-- Opening Marker --

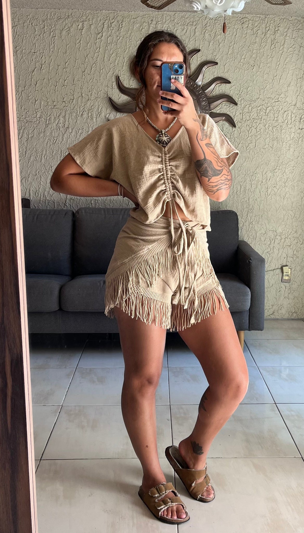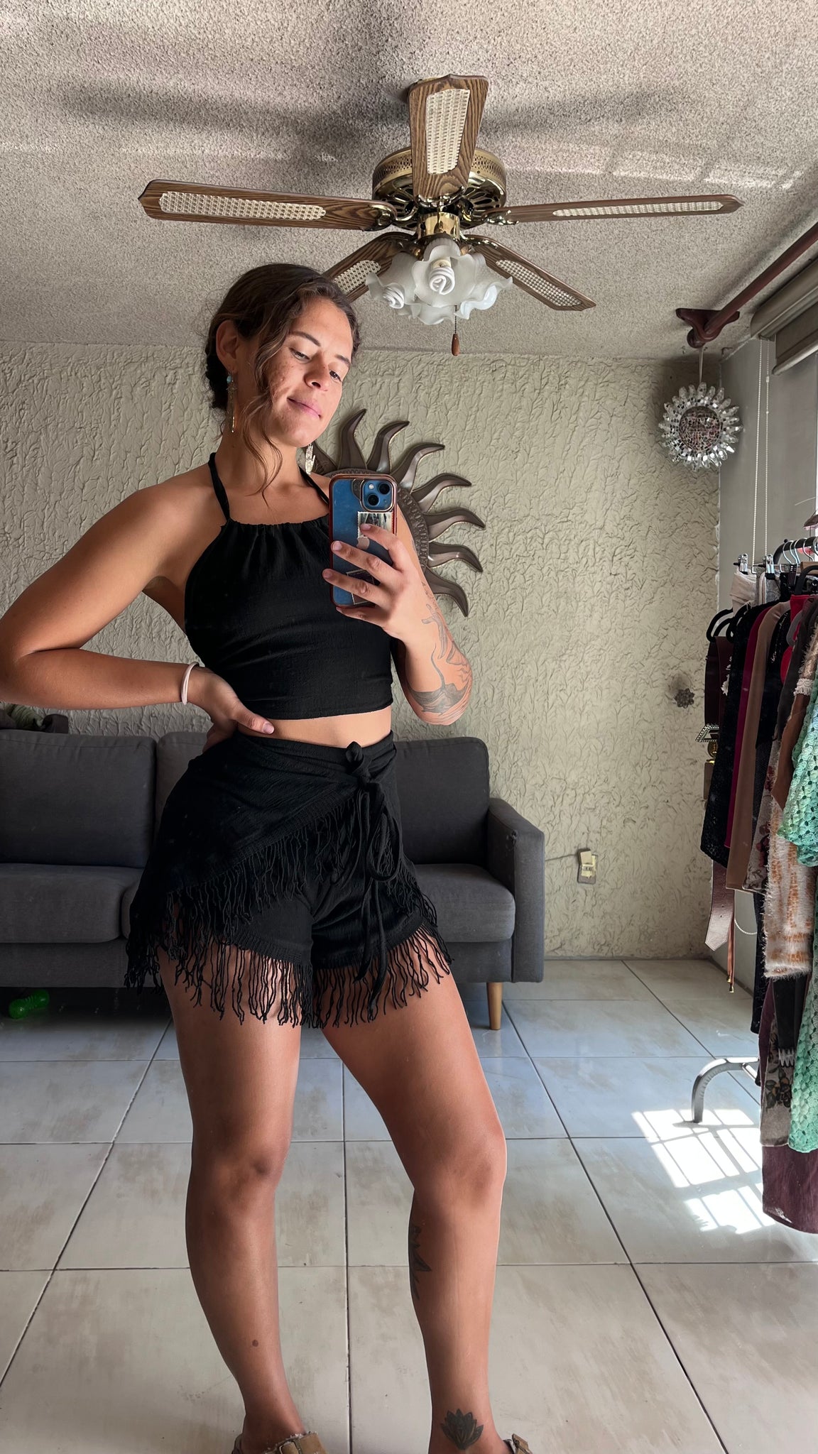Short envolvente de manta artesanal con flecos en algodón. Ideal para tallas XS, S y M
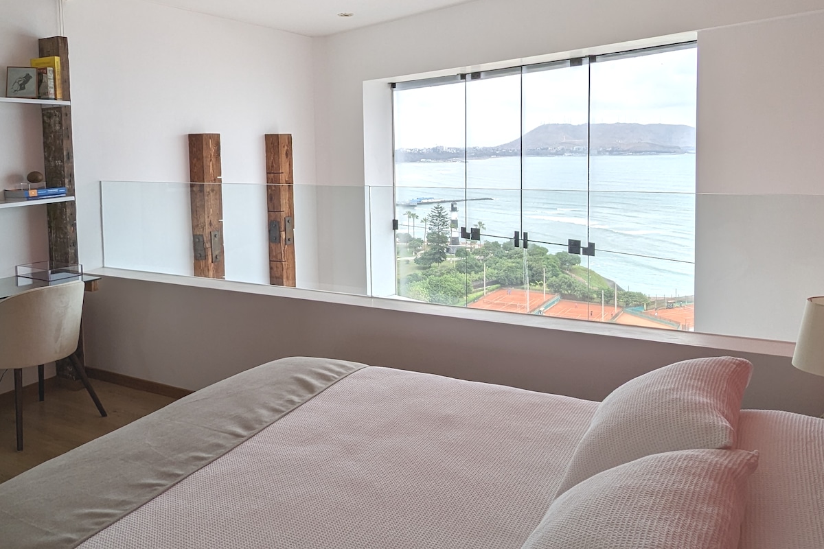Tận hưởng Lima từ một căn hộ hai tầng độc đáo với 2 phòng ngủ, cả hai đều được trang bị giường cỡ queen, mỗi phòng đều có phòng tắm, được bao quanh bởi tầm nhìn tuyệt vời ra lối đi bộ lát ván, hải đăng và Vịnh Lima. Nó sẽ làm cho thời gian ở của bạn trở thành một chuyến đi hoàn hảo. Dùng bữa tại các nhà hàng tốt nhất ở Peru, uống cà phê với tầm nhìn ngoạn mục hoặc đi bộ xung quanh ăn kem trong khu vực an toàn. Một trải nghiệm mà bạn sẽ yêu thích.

-- Closing Marker --
-- Opening Marker --

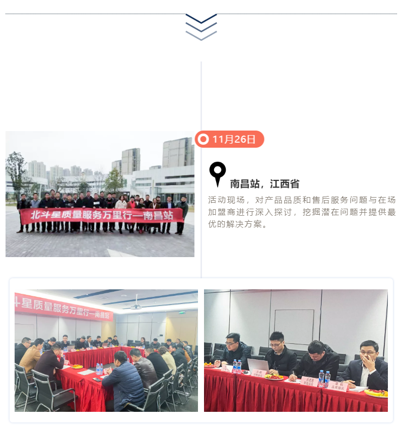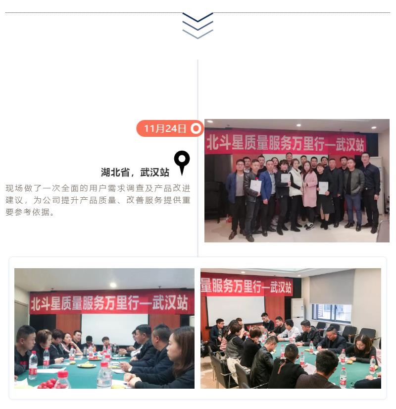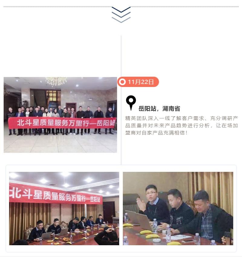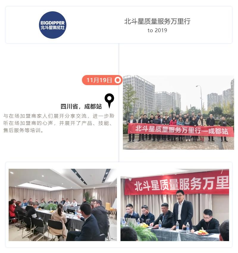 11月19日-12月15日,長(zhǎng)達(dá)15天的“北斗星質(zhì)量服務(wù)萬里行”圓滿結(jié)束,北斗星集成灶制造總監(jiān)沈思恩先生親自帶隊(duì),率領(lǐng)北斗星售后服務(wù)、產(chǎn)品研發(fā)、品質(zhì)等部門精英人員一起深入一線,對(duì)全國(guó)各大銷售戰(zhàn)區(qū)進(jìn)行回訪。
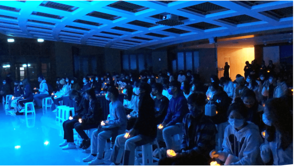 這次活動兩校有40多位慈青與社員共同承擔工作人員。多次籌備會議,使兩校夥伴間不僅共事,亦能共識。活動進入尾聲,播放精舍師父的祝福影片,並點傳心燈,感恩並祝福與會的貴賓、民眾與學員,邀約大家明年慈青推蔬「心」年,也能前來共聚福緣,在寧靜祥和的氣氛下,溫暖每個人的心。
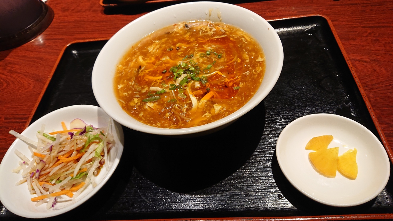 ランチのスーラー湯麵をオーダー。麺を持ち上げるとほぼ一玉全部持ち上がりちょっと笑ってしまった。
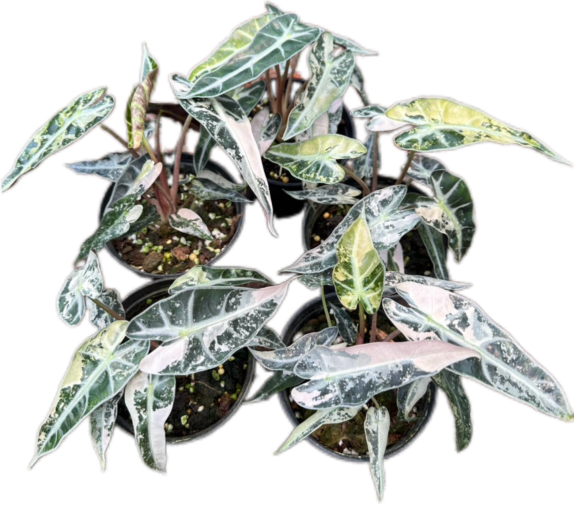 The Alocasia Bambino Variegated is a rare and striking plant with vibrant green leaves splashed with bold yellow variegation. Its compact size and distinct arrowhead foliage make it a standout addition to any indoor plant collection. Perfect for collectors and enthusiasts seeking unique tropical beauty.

-- Closing Marker --

> _ASSIGNED TASK_: Although pictures appear among the records above, none are to be output; print exactly the lines from the line containing "Short envolvente de" through the line containing "Tận hưởng Lima".

> _WORKED SOLUTION_:
Short envolvente de manta artesanal con flecos en algodón. Ideal para tallas XS, S y M
Tận hưởng Lima từ một căn hộ hai tầng độc đáo với 2 phòng ngủ, cả hai đều được trang bị giường cỡ queen, mỗi phòng đều có phòng tắm, được bao quanh bởi tầm nhìn tuyệt vời ra lối đi bộ lát ván, hải đăng và Vịnh Lima. Nó sẽ làm cho thời gian ở của bạn trở thành một chuyến đi hoàn hảo. Dùng bữa tại các nhà hàng tốt nhất ở Peru, uống cà phê với tầm nhìn ngoạn mục hoặc đi bộ xung quanh ăn kem trong khu vực an toàn. Một trải nghiệm mà bạn sẽ yêu thích.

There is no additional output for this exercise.